Linked List: August 23, 2013

‘LOVEINT’ 

The biggest problem with the NSA scandal is the lack of accountability.

Why Steve Ballmer Should Have Been Shitcanned No Later Than 2009 

Another one on Ballmer from the archive:

The damning thing isn’t that Apple got there first; it’s that even after Apple revealed it, that Ballmer didn’t get it, that he didn’t see instantly that Apple had unveiled something amazing and transformative. All Ballmer could see was the near future, the next few months where the iPhone was indeed too expensive and where typing on a touchscreen was a novelty.

From the DF Archive: Memoranda 

2008 piece comparing and contrasting two company-wide memos, one from Steve Jobs, one from Steve Ballmer:

Apple employees may not always — or even often — agree with Jobs, but they do believe him. Apple tends to do and achieve exactly what Jobs says they will. (His declaration in January 2007 that Apple would be selling 10 million iPhone per year by 2008, for example.)
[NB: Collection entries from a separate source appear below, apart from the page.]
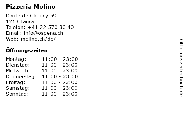 | Öffnungszeiten Pizzeria Molino in Lancy anzeigen | |
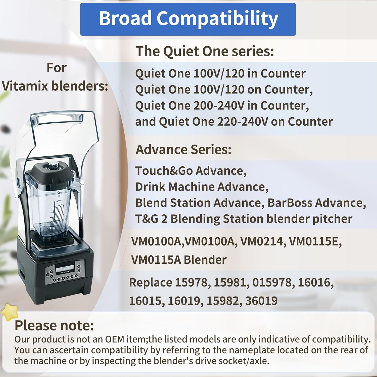 【Broad Compatibility】 Our 48oz container is compatible with Vitamix blenders, including the Quiet One, VM0145, VM0100A, VM0214, VM0115E, VM0115A, Touch&Go Advance, Drink Machine Advance, Blend Station Advance, BarBoss Advance, T&G 2 Blending Station blender pitcher. Replacement for Advance containers 15978,15981,015978, 16016, 16015, 16019, 15982, 36019. If you’re unsure about compatibility, please feel free to email us, and we will be happy to assist you in confirming it
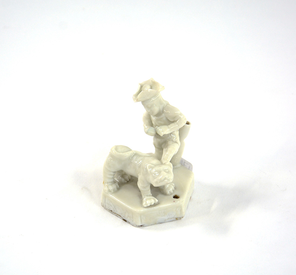 Blanc-de-Chine raffigurante Europeo con tigre su base esagonale
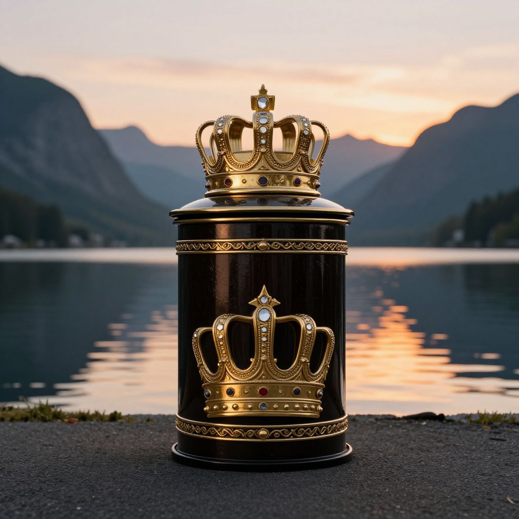 Photograph of a black cylindrical container with a detailed, ornate gold crown on top, positioned in the foreground. The container has a gold crown emblem on its front. The background features a serene lake with calm, reflective water, surrounded by dark, silhouetted mountains under a pastel-colored sunset sky, blending shades of pink, orange, and blue. The container rests on a dark, textured asphalt surface. The overall scene combines regal elegance with natural beauty, highlighting contrasts between the metallic crown and the tranquil, scenic landscape.

Ballmer’s promises, in contrast, defy belief, at least regarding where Microsoft stands against Apple in terms of “end-to-end experience” and against Google in terms of search and online advertising. He’s either ignorant or lying — neither of which is inspiring to the rank-and-file engineers.

Microsoft Forces Steve Ballmer to Resign 

Officially he’s “retiring within the next 12 months”, but that’s just framing to allow Ballmer and Microsoft itself to save some face. This is the axe, and it was long overdue. Ballmer has been a successful steward growing profits from the franchises he inherited from the Gates era — Windows and Office. But he’s been an abject failure at developing anything new. Under his watch Windows has been supplanted by Apple’s iOS and Google’s Android. Mobile is the industry’s growth area, and Microsoft is barely a player.

Here’s the hitch though: Ballmer has chased all potential successors out of the company — Ray Ozzie, Robbie Bach, J Allard, and most recently, Steven Sinofsky.

Google Designing Its Own Self-Driving Car 

Amir Efrati:

Google Inc., which has been working on software to help major automakers build self-driving cars, also is quietly going around them by designing and developing a full-fledged self-driving car, according to people familiar with the matter.

They’ve got to be eyeing Tesla, right?